Barrack Obama: on outsourcing
President Barrack Obama's views on 'outsourcing', articulated in the run up to the US presidential elections, is a real cause for concern for the $60-billion Indian IT and ITES industry, which has grown rapidly on US orders, in the last over a decade. Obama had spelt out his views against outsourcing and is opposed to companies shipping jobs overseas.
However, one hopes pragmatism will replace the rhetoric, now that he is the US President and that he will see the mutually beneficial, 'win-win' strategic advantages of outsourcing. A closer look at outsourcing will, in fact, reveal that the game now is not just irreversible, but any adverse action against it will be mutually harmful. First of all, outsourcing in IT and ITES industries is no different from the larger trend of outsourced 'contract manufacturing' in the manufacturing sector and hence it should not be looked at with disdain.
In the past, US lost jobs in textiles and garments, shoe and toy making, and in other low-stuff industries, first to Japan, then to South Korea and later to China and other low-cost countries. Even in computer hardware, Intel ceded the low-cost advantage in chip making to companies in South Korea and Taiwan. Dell and IBM did the same in desktop computers and laptops.

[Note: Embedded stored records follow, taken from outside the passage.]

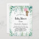 Para um chá de fraldas, comemorando uma menina. Um fundo branco. Uma menina de ursos fofinhos segurando um balão rosa, eucalipto verde e faíscas verdes. Personalize e adicione o nome da futura mãe e os detalhes da festa. O nome e o texto: Chá de fraldas são escritos com um script de estilo manuscrito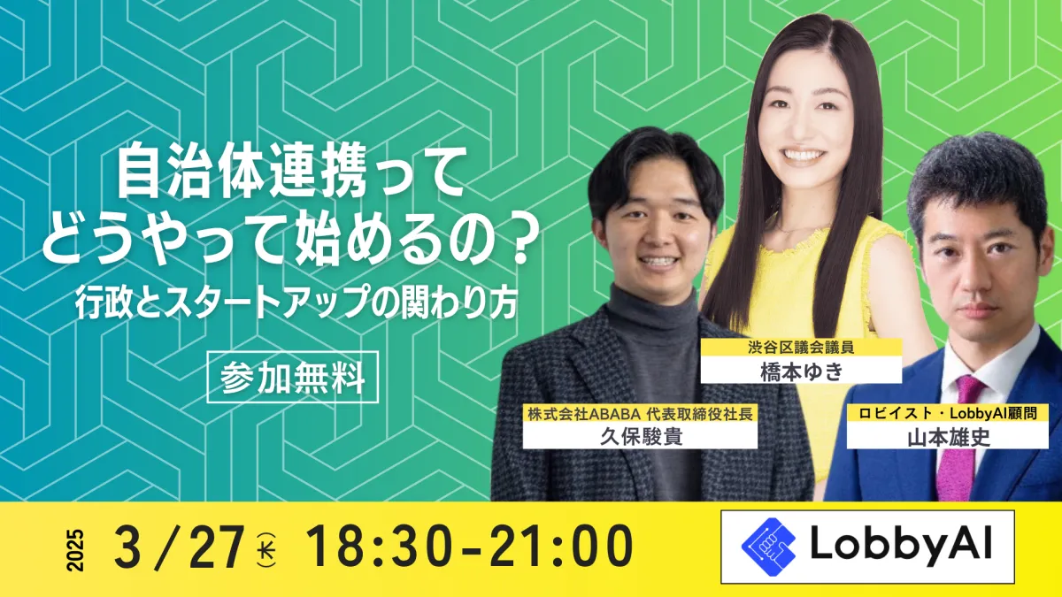 2025年3月27日、LobbyAI株式会社が渋谷の「100BANCH」で初の主催イベントを開催しました。このイベントは、行政とスタートアップの関わり方に焦点を当て、政策立案や渉外に精通した専門家やスタートアップの経営者、地方議会議員が一堂に会する機会となりました。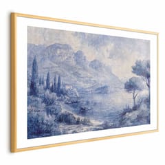 Plakat - Niebieska zatoka - włoski krajobraz jeziora Como malowany niebieskim tuszem rozmiar 30x21, wykończenie Rama złota z marginesem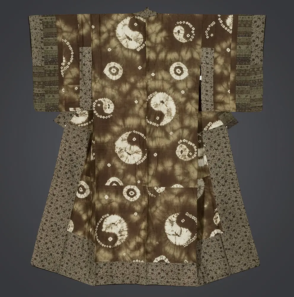 This silk dounuki exemplifies sophisticated layering of dyeing techniques. The central bodice showcases an extraordinary application of shibori resist-dyeing to create taijitu (yin-yang) symbols, where the complex binding and compression techniques produce the characteristic radiating patterns and organic, cloud-like backgrounds. The shibori process creates those distinctive starburst effects around each circular motif, with the resist-dyed areas preserving the white silk while allowing the surrounding fabric to absorb rich brown and sepia tones in unpredictable, naturalistic patterns.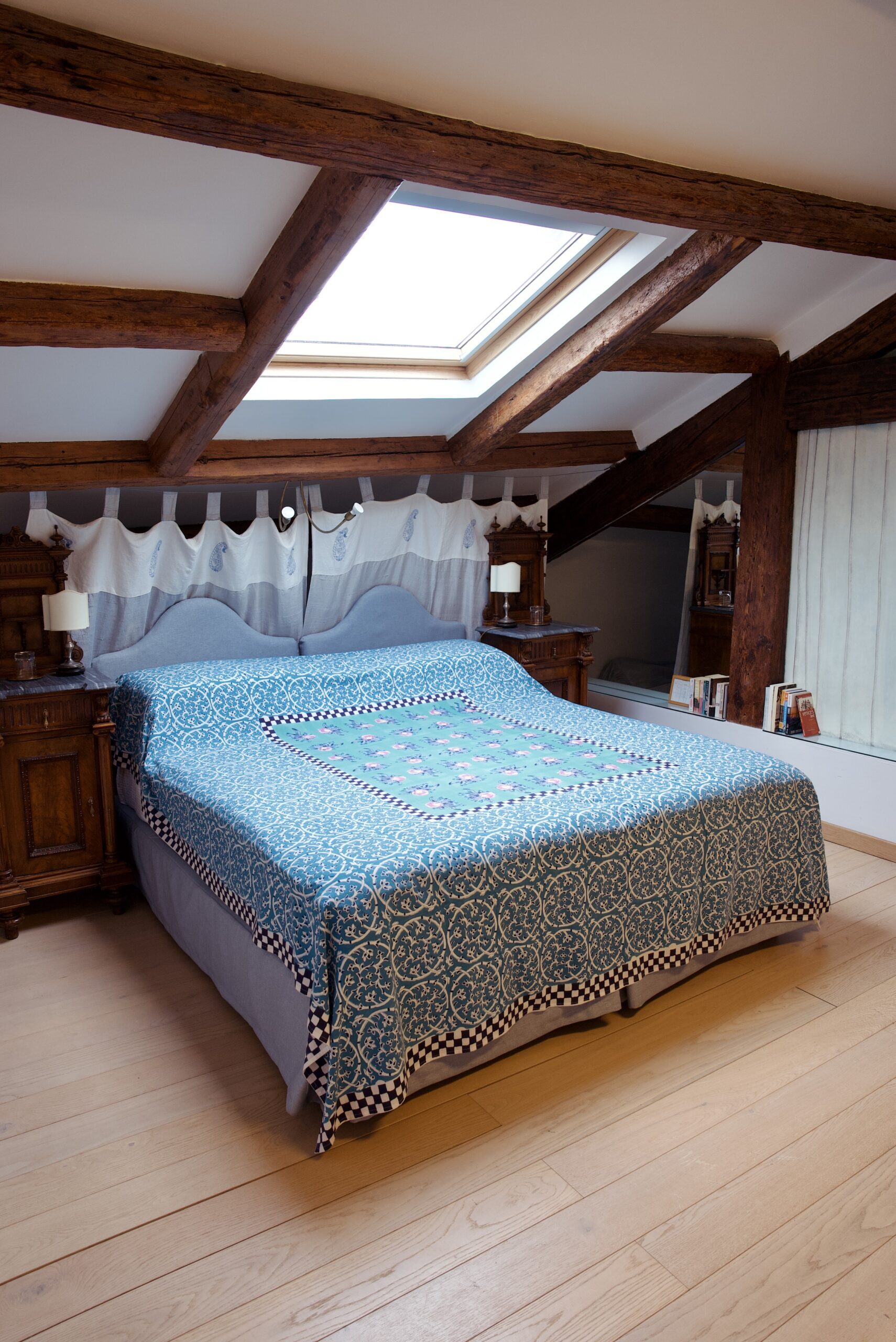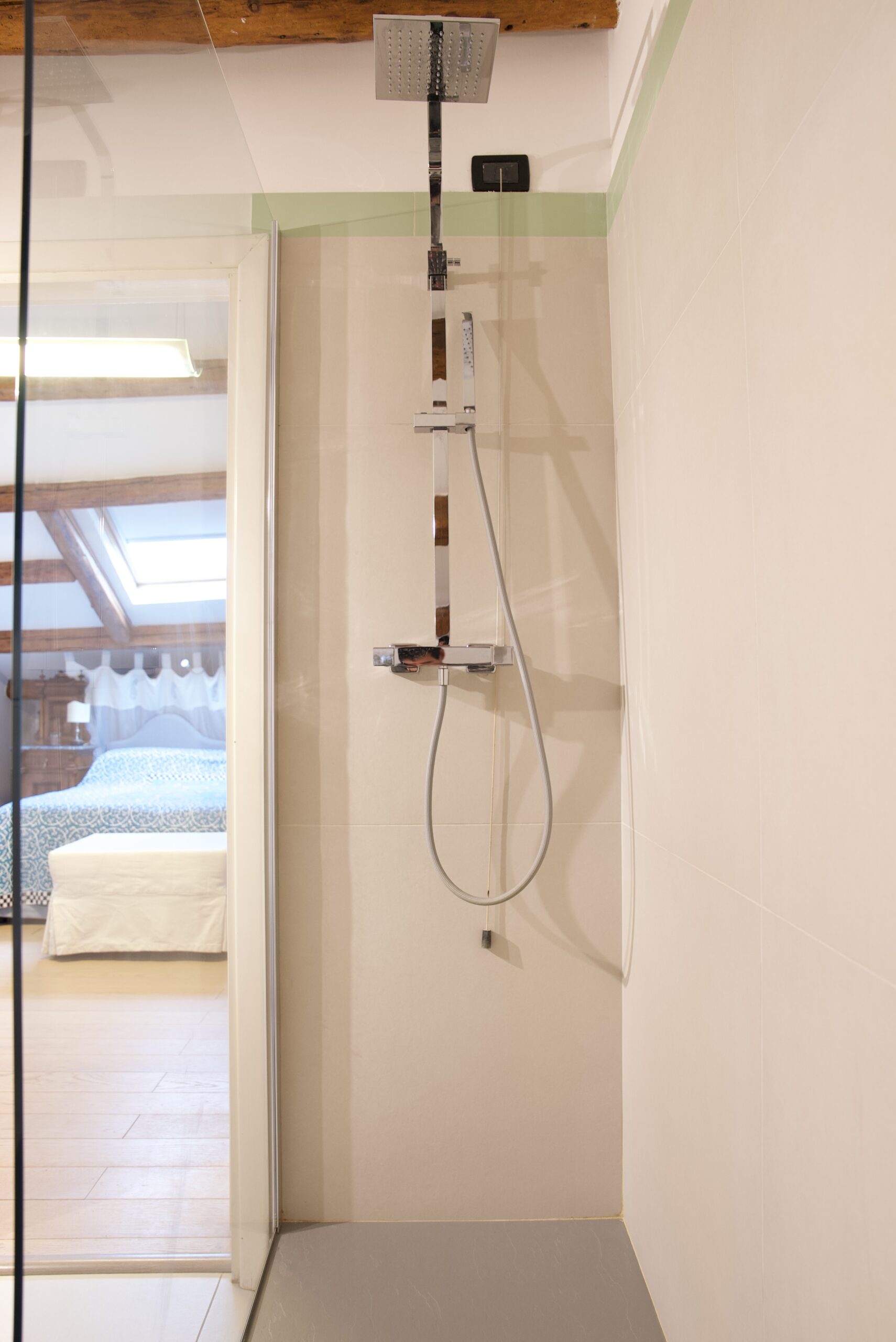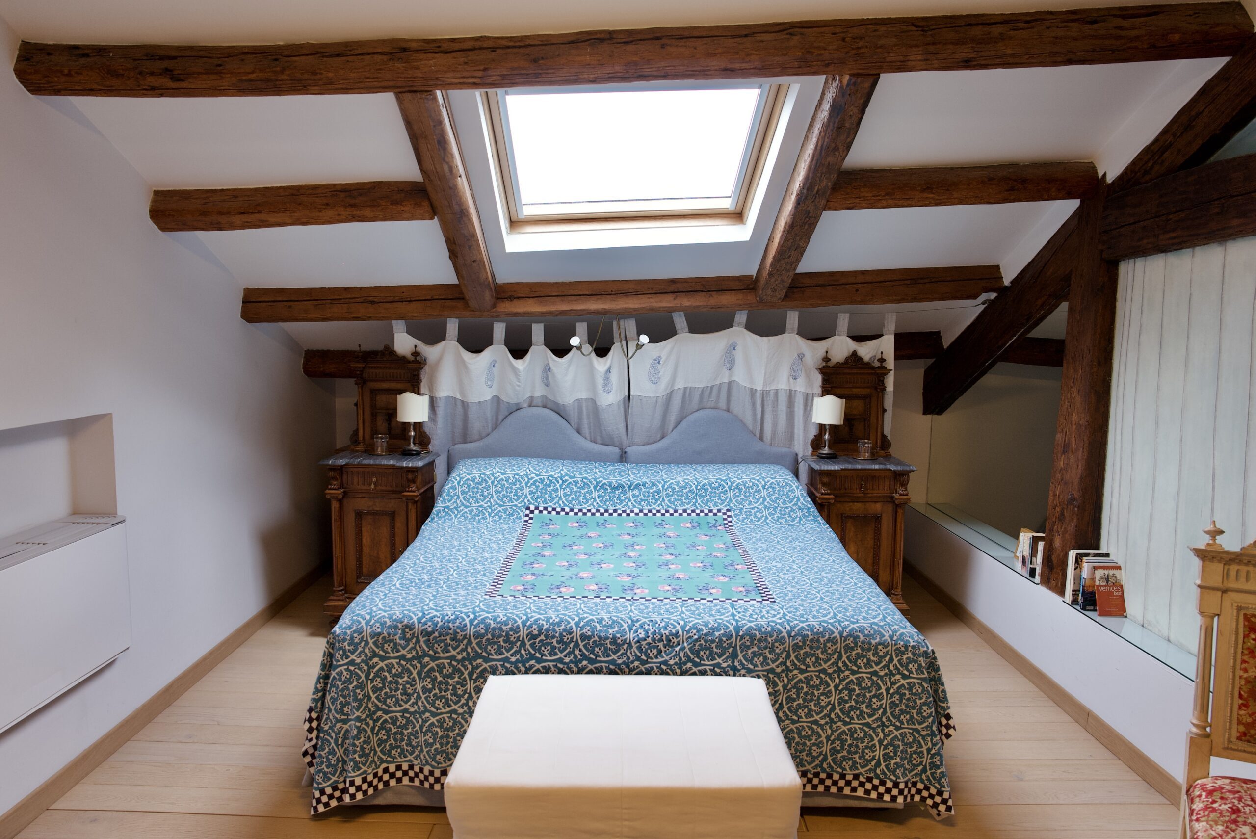 Una deliziosa mansarda sui tetti di Venezia arricchita da una bella copia in affresco de “Il Mondo nuovo” di Tiepolo.

Today, the ground reality is that US no longer has the capability and infrastructure to manufacture such low-cost products. The trend is the same in the IT and ITES sector and it is not an exaggeration to say that US has no (ready built) infrastructure left to enter and compete in low-end IT products and services. Indian IT industry may have grown exponentially, but mostly the work 'outsourced' is what some people call as 'coolies' jobs.
It is only recently that Indian giants, such as TCS, Infosys and Wipro are offering some competition to US biggies IBM and HP in the services contracts. But, volumes and values fetched so far are negligible. Secondly, US companies have hugely benefited by outsourcing in general and in R&D activities in particular. Some higher-end jobs outsourced to India have created high value products at low costs and the US companies have been able to sell those products globally, including in India and obtain higher returns. In fact, money spent in India in such activities may ultimately be recovered from sale of such products here.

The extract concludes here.